Although evidence is limited on the timing of clipping, it’s recommended it has to be done as close to the time of surgery preferable two hours before. They further specify that hair should be clipped using a single use electric clipper with a reusable head that can be sterilized between patients. However the author’s opinion is that clippers with disposable heads should be utilised since it is more cost effective and time saving when compared to sterilisation. They recommend hair clipping outside the operating room to minimise the dispersal of hair which have potential of contaminating the sterile field and surgical wound (Mews 2000). Hospital infection society working party guidelines recommend using cream a day before surgery. Depilatories may be used if skin testing has been done following the manufacturer instruction, without tissue irritation. Since creams can be messy patients may be advised to use them before turning up for admission. Some hospitals still continue routine hair removal long after dissemination of recommendations against it. The author believes that it is an indication to audit hair removal procedures and adhere to the recommended guidelines and policies.
In addition to the clinical advantages, clippers are also cost effective. One study by Trussell et al (2008) estimated a cost saving of $270,000 per 1000 patients when shaving was replaced with clipping. The study also concluded that long-term savings should be considered due to reduction of the incidences of postoperative wound infections. Other studies reported cost comparisons between wet razors shave and use of cream finding cream to be expensive. This cost saving was limited, covering only minimal direct costs rather than full range of direct and indirect costs of shaving items compared with the cost of depilatory cream. The use of depilatory cream was also found to be effective, though there are limitations to its use due to time factor.
Surgical site infection is one of the commonest health associated infections. Surgical site infections can occur in 10% of patients each year resulting in delayed wound healing, increased hospital stay, unnecessary pain, readmission and even death.

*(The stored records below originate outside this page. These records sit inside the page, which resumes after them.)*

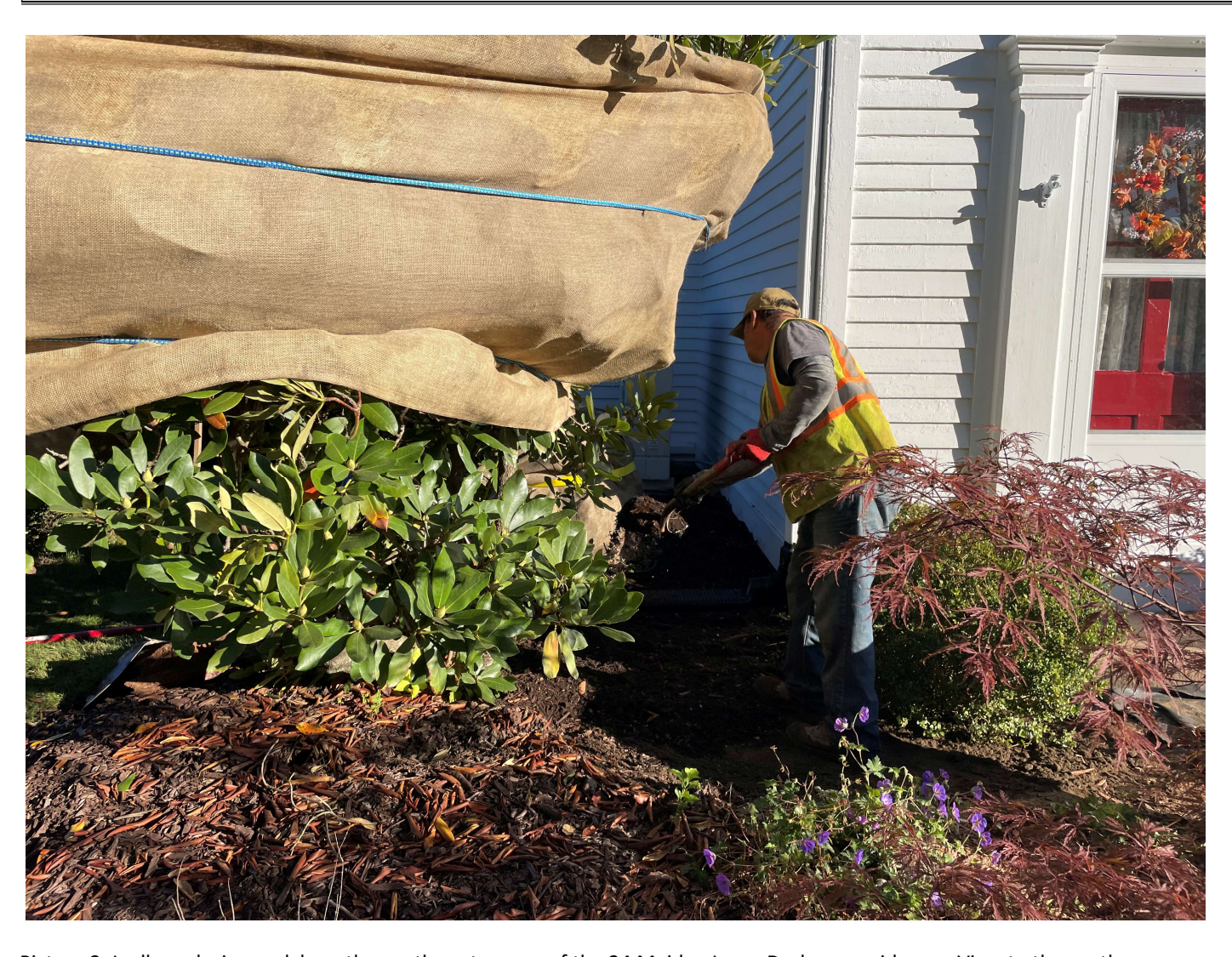
Picture 2: Ludlow placing mulch on the southwest corner of the 24 Maiden Lane, Durham, residence. View to the north.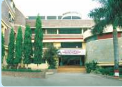
Y.M. College of Arts, Science and Commerce, Pune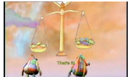
Figure 8: They finally used the scales to divide the candy evenly between them.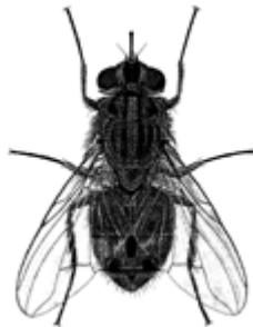
Figure 2. Stable Fly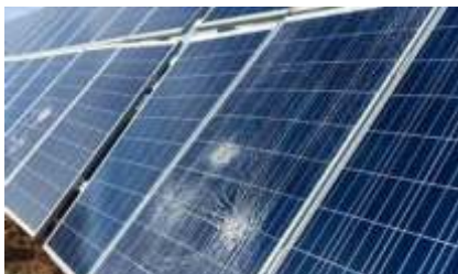
Damaged solar panel

The Insurance Scheme for Water Facilities is an innovative solution designed to mitigate operational and environmental risks faced by rural and small-town water systems. The scheme protects both infrastructure and service continuity by covering critical risks like mechanical breakdowns, borehole collapse, and theft of parts. The scheme was developed in partnership with local insurers, donors, and community leaders, the Regional Co-ordinating Council, Community Water and Sanitation Agency (CWSA). Ahafo Regional Coordinating Council and the private sector in a co-creation process. It supports water service providers to recover faster after earthquakes, reduce downtime, and maintain trust with communities.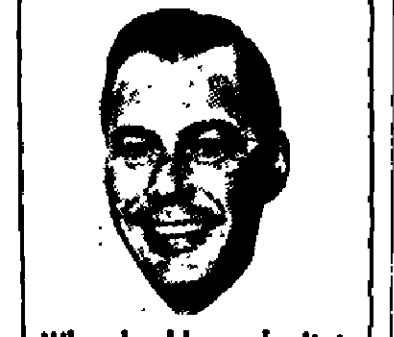
Why should you hesitate to wear a hearing aid if you need one?

Research reveals that the most frequent reason for not wearing a hearing aid is laziness! But hundreds of thousands of people know that a small ear-button doesn't change their appearance. They wear a hearing aid proudly and happily because they are an eager to put their friends at ease as they are to be at ease themselves. If your physician recommends an aid, and if you know the facts about hearing aids, you will wear a Zenith. You'll find other aids selling at two or three times as much, but you can't buy a better hearing aid than a Zenith at any price!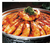
干锅香辣虾 AED 48 grilled cook spicy shrimp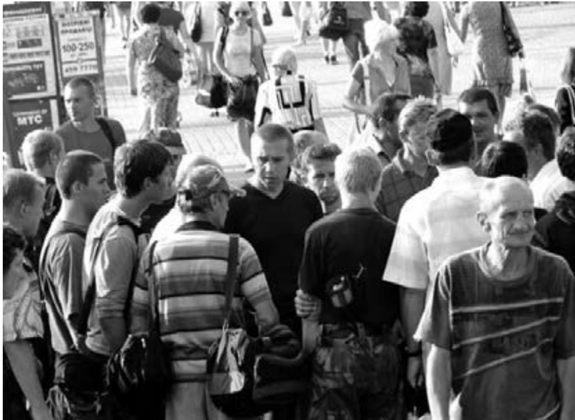
Figure 8.1 Laborers gathered around a recruiter for day work outside Kyiv's central rail station

People who are struggling seem to be everywhere in Kyiv. They are camped on benches in public squares and along main streets, work as petty vendors in pedestrian underpasses and on their stairways, and live in back lots, in derelict houses, and other hidden spaces. Away from the center, there are even more poor people, although densities might be lower. There are districts with low rents and poor-quality housing, inexpensive apartments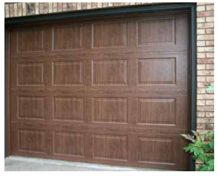
TR-138 in medium oak

The leauty & style of handcrafted wood panel doors without the high maintenance. North Central Door is pleased to offer three bidirectional woodgrain finishes, giving a realistic, luxurious look.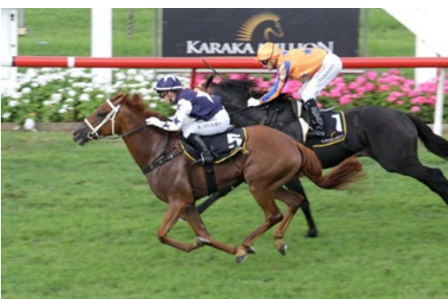
Scott Base (NZ)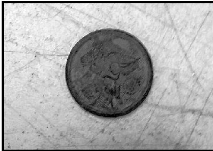
Find of the Month Army hat button by Don Rodarte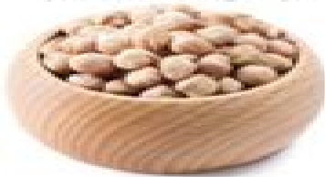
Chickpeas ( Cicer arietinum )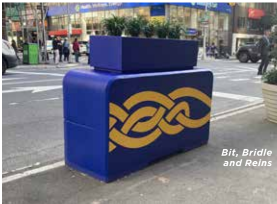
Bit, Bridle and Reins

The GDA presented 13 installations this year, many of them by local artists, in the Garment District Spaces for Public Art at 315 West 38th Street and The Kaufman Arcade at 132 West 36th Street. One particular installation was a personal favorite of the GDA. February’s Reduce, Repair, Reclaimed was created by Hinz Guitars, an initiative started by brothers who are both part of our clean team. Hinz recovers, refurbishes and sometimes redesigns discarded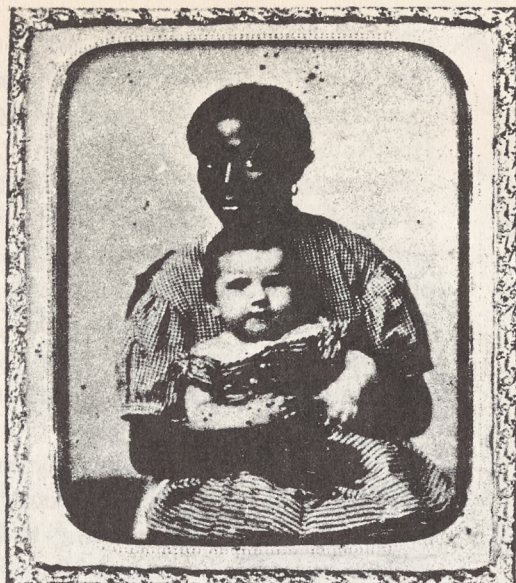
Slave and Friend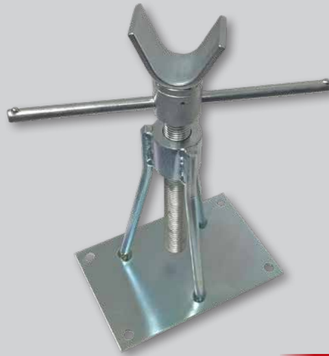
JZ-CAM05T / JZ-CAM16T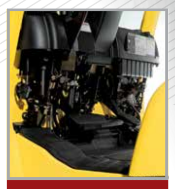
Easy service access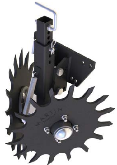
Shown with MT772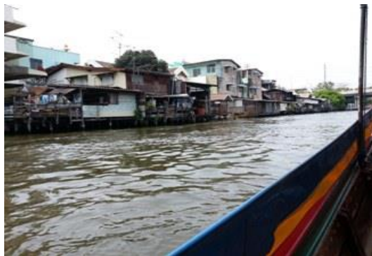
In the canals of Bangkok

We had the entire 'long boat' to ourselves, one of those with a massive diesel engine mounted high up at the back with a long drive to the prop in the water. We were whisked off at speed in the main river and into the canals until we were stopped by the river traders, "would like to buy a carved elephant, Buddha or buy a beer for the driver", we passed on them, and oh we were given life jackets; no clips to buckle up! However it wouldn't from drowning it would be the poisons in the polluted river.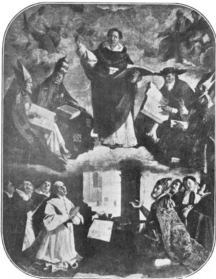
St. Thomas Among the Doctors—Zurbaran

Truth, and with their hearts still fired with zeal for it, they go forth to preach it to others. "Order of Preachers" a Vicar of Christ christened them, and by this title are they known to all men. In St. Hyacinth we see the apostle of the whole Polish nation; in St. Vincent Ferrer, the Angel of the Judgment; in Savonarola, the much maligned reformer of worldly-minded Florence; in Lacordaire, the modern apostle of atheistic Paris; Monsabre, the man who popularized theology; in Tom

Seemingly there is no scientific basis of preoperative skin shaving. Studies illustrates that preoperative hair removal methods have been found to be the causes of surgical site infections, because of the cuts they cause on the skin making it to be colonised by microbes. Hair clipping is considered the favoured method of hair removal but it’s not without error. Preoperative hair clipping protocol was developed in 2003 (by who) and literature reviews have proven that these policies are still relevant. Studies have also reinforced the importance of staff education which will help to strengthen the use of electric clippers. Nurses must keep abreast of research findings to be able to support their rationale for change when championing this crusade to their medical colleagues. Through these efforts the surgical team can provide the safest environment to reduce the risk for the development of surgical site infections, promoting positive outcomes for all surgical patients. Future research will determine the effectiveness and success of clippers which improves patients’ safety against surgical site infections.